Configuration Reference Table

These are the knobs you reach for most often when scripting and running interaction tests.

Option / API	Where it lives	Type	Default	Effect
`play`	story object	`(ctx) => Promise<void>`	none	Async script that runs after the story mounts; throwing fails the test.
`within(canvasElement)`	`@storybook/test`	function	—	Scopes Testing Library queries to the story canvas, excluding Storybook UI.
`userEvent`	`@storybook/test`	object	—	Browser-accurate event simulation (type, click, keyboard, tab).
`fn()`	`@storybook/test`	function	—	Creates a spy for `args`, assertable with `toHaveBeenCalled`.
`expect`	`@storybook/test`	function	—	Vitest-compatible matchers, including DOM matchers like `toBeVisible`.
`--url`	`test-storybook`	string	`localhost:6006`	Target Storybook instance the runner visits.
`--maxWorkers`	`test-storybook`	number	CPU count	Parallel Playwright workers; lower for constrained CI runners.
`--shard`	`test-storybook`	`n/total`	none	Splits stories across machines for horizontal scaling.
`--coverage`	`test-storybook`	flag	off	Collects per-story coverage via instrumented sources.

Verification & Assertions

A passing interaction test is one where every play function completes without throwing. In the Storybook UI, the Interactions panel renders each step as a timeline you can step through, pause, and rewind — invaluable when a userEvent call resolves before the component finishes updating. When you run the suite from the terminal, the runner prints a per-story result and a summary:

 PASS   Auth/LoginForm SubmitsCredentials
 PASS   Auth/LoginForm ShowsValidationError
 Test Suites: 1 passed, 1 total
 Tests:       2 passed, 2 total

Prefer findBy* queries for anything that appears after an async update; they retry until the element resolves or the timeout fires, which removes the most common source of false negatives. Reserve getBy* for elements present at mount. Asserting through the accessibility tree — getByRole, getByLabelText — keeps the test resilient to markup churn and doubles as a lightweight accessibility check.

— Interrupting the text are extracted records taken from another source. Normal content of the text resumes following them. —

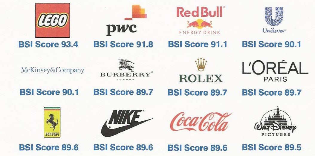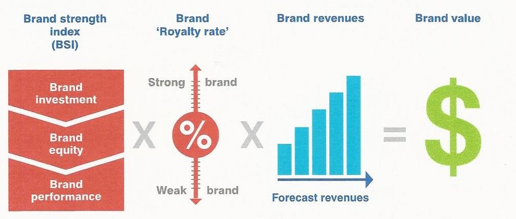 BF calculates Brand Value in a multi-step process. First, its Brand Strength Index is derived from aspects including a brand’s marketing investment, its goodwill and its sustainability. Next, the brand and its competitors are analyzed to get a Royalty Rate for their business segment. (I suspect, for example, the Royalty Rate for pharmaceuticals is high; supermarket chains, low). Also, a brand’s contribution to its company’s revenue, historic and future, is calculated. Last, the product of these three gives its BV, Brand Value.
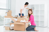 Kochający rodziny azjatyckie wypakowywania rzeczy o nowe mieszkanie, stosy pudełek ruchomych
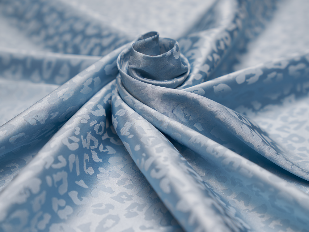 LIGHT BLUE SILKY JACQUARD SATIN fabric by the yard - Cheetah jacquard pattern - flowy fabric -
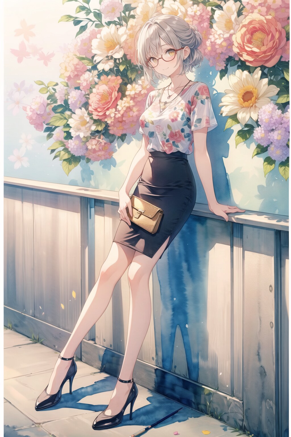 ⑪(see-through blouse:1.1), (pencil skirt:1.3), short sleeves, (high heels:1.2), necklace, glasses, handbag,
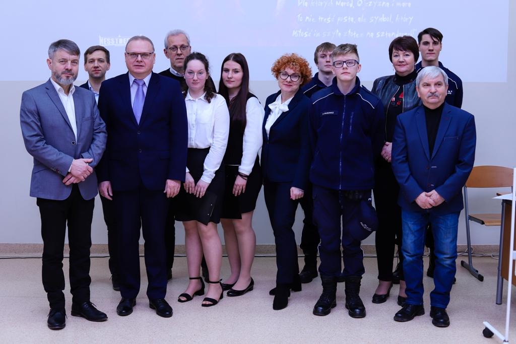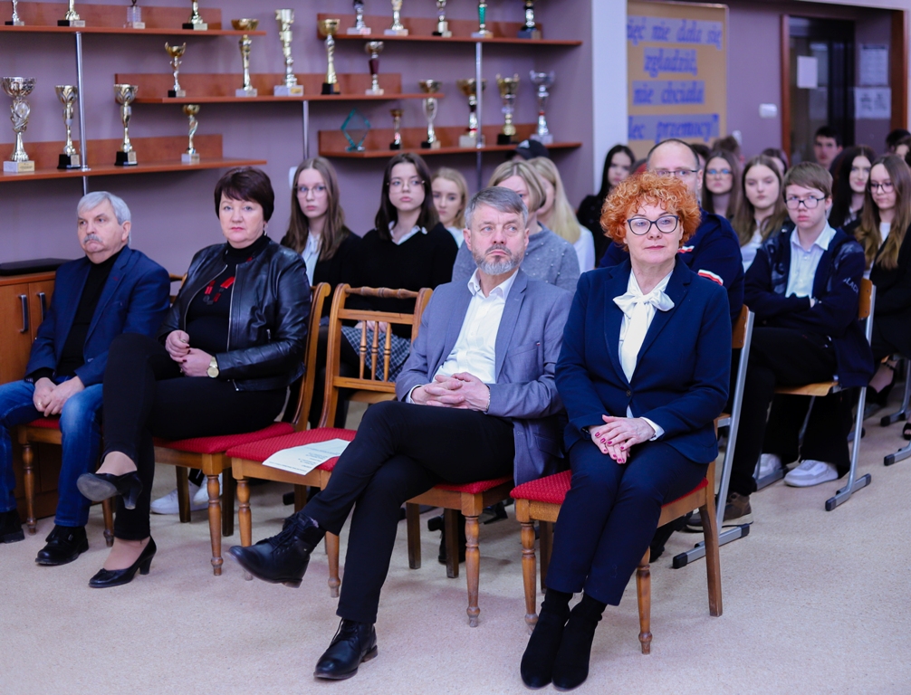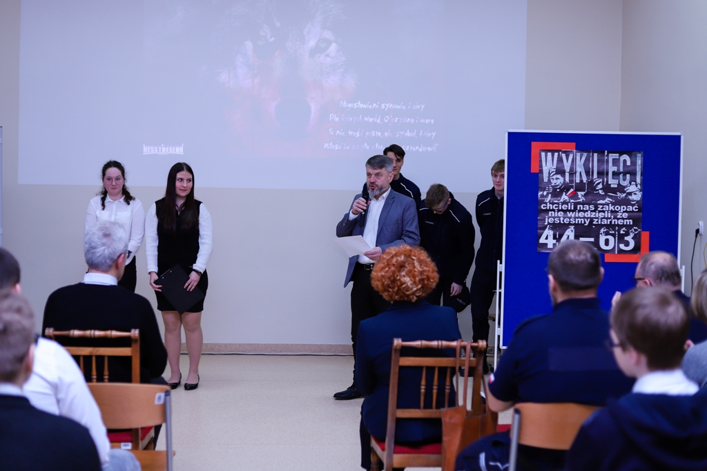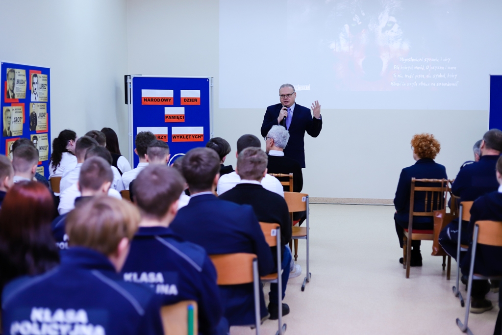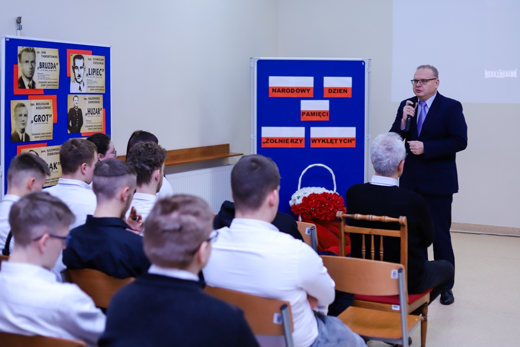 Integralną częścią szkolnych obchodów Narodowego Dnia Pamięci „Żołnierzy Wyklętych” był wykład dr hab. Krzysztofa Sychowicza Naczelnika Oddziałowego Biura Badań Historycznych IPN w Białymstoku. W swoim wystąpieniu przybliżył uczestnikom spotkania sylwetki żołnierzy drugiej konspiracji, podkreślając ich męstwo, niezłomną postawę patriotyczną i przywiązanie do tradycji niepodległościowych. Zaznaczył też , że aresztowani, torturowani i mordowani przez przedstawicieli władz komunistycznych żołnierze podziemia płacili najwyższą cenę za wierność i prawdę, ale celem ich walki była godność i wolność Rzeczypospolitej. Przypomniał tragiczne losy niektórych Żołnierzy Niezłomnych Ziemi Łomżyńskiej: mjr. Jana Tabortowskiego „Bruzdy”, Stanisława Cieślewskiego „Lipca”, por. Stanisława Grabowskiego „Wiarusa”, ,kpt. Bolesława Kozłowskiego „Grota”, por, Hieronima Rogińskiego „Roga”, którzy oddali swoje życie w walce z systemem komunistycznym. W interesujący sposób nakreślił sytuację Niezłomnych i ich -czasem trudne- relacje z miejscową ludnością cywilną. Ukazał też długi proces przywracania ich pamięci do świadomości współczesnego pokolenia, odwołując się do prac ekshumacyjnych na Łączce Cmentarza Powązkowskiego, która kryje do dziś bezimienne groby Żołnierzy Wyklętych.

Beyond the green-or-red result, the Interactions panel is itself a verification tool. Each step is recorded with the element it acted on and the matcher it evaluated, so a failure shows you not just that an assertion broke but the precise DOM state at the moment it broke. Use the step controls to rewind to the interaction before the failure and inspect the live canvas; this collapses the usual debug cycle of adding log statements and re-running into a single replay. When you need a snapshot of the rendered tree at any point, call canvas.debug() inside the play function to print the current DOM to the console.

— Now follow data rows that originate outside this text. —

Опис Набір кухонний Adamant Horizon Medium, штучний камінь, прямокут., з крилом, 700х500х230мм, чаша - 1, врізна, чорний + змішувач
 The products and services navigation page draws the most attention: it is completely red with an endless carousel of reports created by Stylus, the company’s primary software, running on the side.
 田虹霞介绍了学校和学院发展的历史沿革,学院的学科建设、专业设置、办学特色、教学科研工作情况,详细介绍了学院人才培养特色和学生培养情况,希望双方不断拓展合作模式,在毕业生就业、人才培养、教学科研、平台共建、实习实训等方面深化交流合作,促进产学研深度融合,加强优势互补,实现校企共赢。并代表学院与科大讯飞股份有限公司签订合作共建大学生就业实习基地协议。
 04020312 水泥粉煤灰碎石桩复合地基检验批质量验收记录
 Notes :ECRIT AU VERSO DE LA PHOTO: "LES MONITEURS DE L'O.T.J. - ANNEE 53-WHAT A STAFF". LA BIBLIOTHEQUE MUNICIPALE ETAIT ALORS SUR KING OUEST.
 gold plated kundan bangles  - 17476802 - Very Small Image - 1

A second verification habit worth adopting is asserting the negative as well as the positive. A login story should confirm the error message appears on bad input and that it is absent on good input; a disclosure story should confirm content is hidden initially, not only that it becomes visible. Pairing findBy* for appearance with queryBy* returning null for absence catches a whole class of regressions where a component renders too much rather than too little.

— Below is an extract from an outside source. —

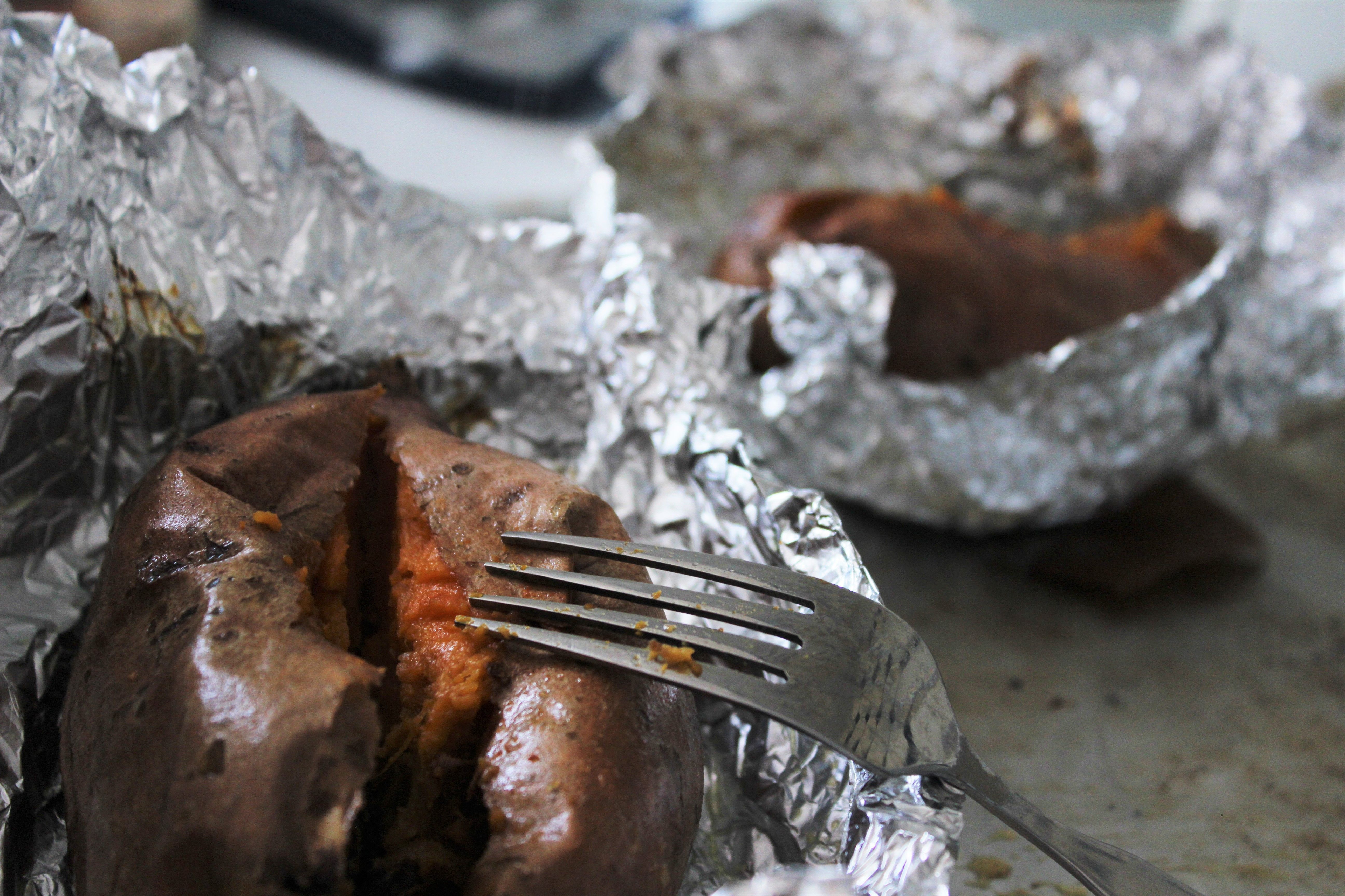 - Süßkartoffeln aus dem Ofen nehmen. Vorsichtig die Alufolie öffnen und sicherstellen, dass sie ausreichend weich gebacken sind. In der Mitte leicht aufschneiden und das Innere der Kartoffeln mit einer Gabel auflockern.

Edge Cases & Failure Modes

Queries match the Storybook toolbar, not your component. If you call screen.getByRole instead of scoping to canvasElement, queries can resolve against Storybook’s own chrome. Always wrap with within(canvasElement).

Assertions fire before the DOM settles. A click that triggers an async state update will fail a synchronous getByText. Switch to await canvas.findByText(...), which polls until the node appears, mirroring the retry behaviour you would use to avoid flaky tests.

Spies leak between stories. When you reuse a fn() across stories without resetting it, call counts accumulate. Declare the spy in meta.args so each story render gets a fresh instance, or reset it at the start of the play function.

Network calls hit the real backend. Unmocked fetches make the suite nondeterministic. Mock at the story level with a loader or decorator before the play function runs, consistent with how you isolate services in Playwright component testing.

Performance & CI Impact

Interaction tests run in a real browser, so they are heavier than jsdom unit tests but far cheaper than full end-to-end journeys — each story mounts a single component tree rather than booting an application. The dominant cost in CI is browser startup, which the test-runner amortises by reusing one Playwright instance across all stories and parallelising with --maxWorkers. For large catalogues, --shard n/total distributes stories across runners and turns a linear suite into a roughly constant-time one.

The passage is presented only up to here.